Azure Jane Lunatic (azurelunatic) wrote,
Azure Jane Lunatic
azurelunatic

Mortal Terror, or at least unaccustomed caution

I had two moments today, of the warning twinge that tells me when something ungood is going to happen, associated with a particular person and location. This doesn't happen so often that I'm used to it. I've been riding the Phoenix busses for a good three years, and walking around at night at least as long. I've learned street presence, and how to walk so that no one messes with me. I can easily lift a 200 pound man in an embrace and spin him around in circles. Not much bothers me.

Two things today did.





When I was on the bus coming back from the plasma donation center, there was a man who was not ... quite ... right on the bus with me. The 19 had been exceptionally crowded; I'd gotten off at Camelback to catch the Red Line. A guy sprinted up as the 19 departed, and flipped the retreating bus the bird. I made a comment about the bus (standing room only), and how he probably wouldn't have wanted to be on that bus anyway.

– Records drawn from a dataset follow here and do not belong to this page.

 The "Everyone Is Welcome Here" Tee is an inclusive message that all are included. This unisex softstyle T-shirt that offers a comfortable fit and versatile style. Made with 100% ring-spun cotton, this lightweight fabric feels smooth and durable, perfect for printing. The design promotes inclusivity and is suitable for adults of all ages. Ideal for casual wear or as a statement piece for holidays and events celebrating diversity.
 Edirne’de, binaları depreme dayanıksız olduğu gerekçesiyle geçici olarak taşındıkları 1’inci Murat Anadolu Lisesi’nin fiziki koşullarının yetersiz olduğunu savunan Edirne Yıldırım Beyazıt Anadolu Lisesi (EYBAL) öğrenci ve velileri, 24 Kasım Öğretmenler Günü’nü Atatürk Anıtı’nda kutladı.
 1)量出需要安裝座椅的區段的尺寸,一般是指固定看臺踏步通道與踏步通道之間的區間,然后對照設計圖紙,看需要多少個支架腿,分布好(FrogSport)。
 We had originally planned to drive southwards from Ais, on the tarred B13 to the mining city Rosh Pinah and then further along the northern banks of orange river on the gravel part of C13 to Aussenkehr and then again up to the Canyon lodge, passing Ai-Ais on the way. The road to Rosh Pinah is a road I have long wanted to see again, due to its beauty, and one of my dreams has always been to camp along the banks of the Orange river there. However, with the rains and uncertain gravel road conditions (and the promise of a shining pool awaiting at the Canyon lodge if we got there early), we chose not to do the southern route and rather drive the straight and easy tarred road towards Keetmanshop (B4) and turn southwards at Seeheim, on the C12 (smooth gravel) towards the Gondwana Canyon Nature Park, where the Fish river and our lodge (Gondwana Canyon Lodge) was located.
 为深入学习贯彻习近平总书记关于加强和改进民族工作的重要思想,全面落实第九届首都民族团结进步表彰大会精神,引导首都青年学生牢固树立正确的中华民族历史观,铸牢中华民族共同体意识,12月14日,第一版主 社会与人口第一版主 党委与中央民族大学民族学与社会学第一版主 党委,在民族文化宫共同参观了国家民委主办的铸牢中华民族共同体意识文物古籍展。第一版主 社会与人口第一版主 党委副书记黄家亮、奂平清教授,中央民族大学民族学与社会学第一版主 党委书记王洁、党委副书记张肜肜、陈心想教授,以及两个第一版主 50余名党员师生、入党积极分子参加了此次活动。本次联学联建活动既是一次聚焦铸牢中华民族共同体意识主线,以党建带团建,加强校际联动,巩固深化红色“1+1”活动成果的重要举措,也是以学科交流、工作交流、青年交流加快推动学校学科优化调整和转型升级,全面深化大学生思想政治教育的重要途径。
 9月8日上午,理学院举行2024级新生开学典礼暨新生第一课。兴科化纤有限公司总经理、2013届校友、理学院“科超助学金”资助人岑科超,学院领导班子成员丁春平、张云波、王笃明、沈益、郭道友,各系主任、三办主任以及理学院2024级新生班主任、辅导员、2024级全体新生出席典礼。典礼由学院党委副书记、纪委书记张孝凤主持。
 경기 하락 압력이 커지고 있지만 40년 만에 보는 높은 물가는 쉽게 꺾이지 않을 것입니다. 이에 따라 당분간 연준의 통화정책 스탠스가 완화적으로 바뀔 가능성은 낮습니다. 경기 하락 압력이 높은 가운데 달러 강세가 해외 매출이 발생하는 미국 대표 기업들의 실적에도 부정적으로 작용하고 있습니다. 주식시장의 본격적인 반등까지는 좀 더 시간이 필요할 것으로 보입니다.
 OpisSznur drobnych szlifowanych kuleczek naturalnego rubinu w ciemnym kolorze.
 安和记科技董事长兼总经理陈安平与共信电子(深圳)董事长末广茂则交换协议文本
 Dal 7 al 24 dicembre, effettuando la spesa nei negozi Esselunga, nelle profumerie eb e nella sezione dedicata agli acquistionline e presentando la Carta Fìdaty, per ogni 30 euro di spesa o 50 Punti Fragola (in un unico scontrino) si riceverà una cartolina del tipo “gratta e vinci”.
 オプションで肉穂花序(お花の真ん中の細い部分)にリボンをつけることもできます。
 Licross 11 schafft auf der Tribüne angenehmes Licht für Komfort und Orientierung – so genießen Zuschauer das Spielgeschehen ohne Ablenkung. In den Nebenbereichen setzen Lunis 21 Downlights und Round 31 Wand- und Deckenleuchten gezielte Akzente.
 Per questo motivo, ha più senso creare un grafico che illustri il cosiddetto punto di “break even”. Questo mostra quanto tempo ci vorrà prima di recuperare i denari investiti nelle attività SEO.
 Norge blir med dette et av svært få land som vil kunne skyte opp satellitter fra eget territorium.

We got on the Red Line. I was happily reading my duct-taped edition of Cyteen. The fellow inquired about cross streets. He didn't seem to know where the hell he was, or, indeed, where the hell he was going. I told him what street we were on, and what that cross street was. I continued reading. At one point, I grinned and closed the book, clasping my necklace in my hand. The guy asked was that book a Bible. "No." I read again. After some silence, the fellow asked was I single. That took a few moments to decipher. "No." More silence, and then another inquiry about the streets: was this 7th Street? Since we were on the other side of Central from the Streets, and were in fact on 19th Avenue, I decided that he really didn't know what he was about, and my warning bell started ringing louder.

When the Red Line turned to go West down Dunlap Avenue, which had been the stop I'd been intending to get off at, he got off in a great flurry of mixed and boggling and frantic emotion. I heeded my internal voice of caution, and stayed on the bus as it proceeded to the mall, despite the conviction that my body held that it would soon collapse from low blood sugar if I didn't get some food in me pronto. Years of dealing with my mother's sugar crashes, and those few teenage years where I'd pass out a minute after standing up, have left me with a great respect for the messages from the body on issues like that. I stayed on the bus regardless, and in fact didn't pass out, thanks to some water and a chocolate-covered espresso bean.





After returning home from the mall and feeding myself, I had to go grocery shopping -- cat food, ketchup, lettuce, mayonnaise, lunch meat, potato soup -- the staples. It was after 10:00 pm by the time I pried myself away from the fanfic, and later by the time I got out of the store.

As this is a one-car family, and votania drives the car to work, I walk to and from the grocery store. Happily for me and my arms, the grocery store in question has an agreement with the surrounding apartment complexes -- we carless customers may drive the shopping cart containing our purchases home with us, provided we leave it in a designated spot once we get home, and a truck will come around periodically to pick up the shopping carts. It's a very nice deal, and probably makes the store more money than they otherwise would, as the carless shoppers buy more than they otherwise might.

So, at nearly 11:00 pm, on a crisp night with a nearly full moon, the Lunatic pushes a shopping cart across the street. This is normal. What is not normal is the youths in the sporty red car, honking loudly and shouting things out the window, things that are best left unheard. The Lunatic flips them off, and continues on her merry way -- with a sudden feeling of danger buzzing in her bones.

The car continues up the road. Ahead at the next traffic light, I see the turn signal flash. There's nothing in that direction but a storage facility, I know. They are turning around.

I alter my course, and stand by the well-lit door of the liquor shop where I get my good plum wine. "There were some creeps who honked at me," I tell the proprietor from outside, "and I want to stay around people until I'm sure they're gone."

It takes a few minutes, as I watch each car that goes by, but finally I think I see them, and they zoom off down the other way. The danger-feeling passes, and I wait a bit more, but I don't think I see them. I head off, certain that they're going to come back, despite what my instincts are telling me, and I feel relief as soon as the gates of the apartment complex close behind me.





That was my brush with danger today. I feel like something important about me's changed, something that people can feel, but I can't imagine what it could be.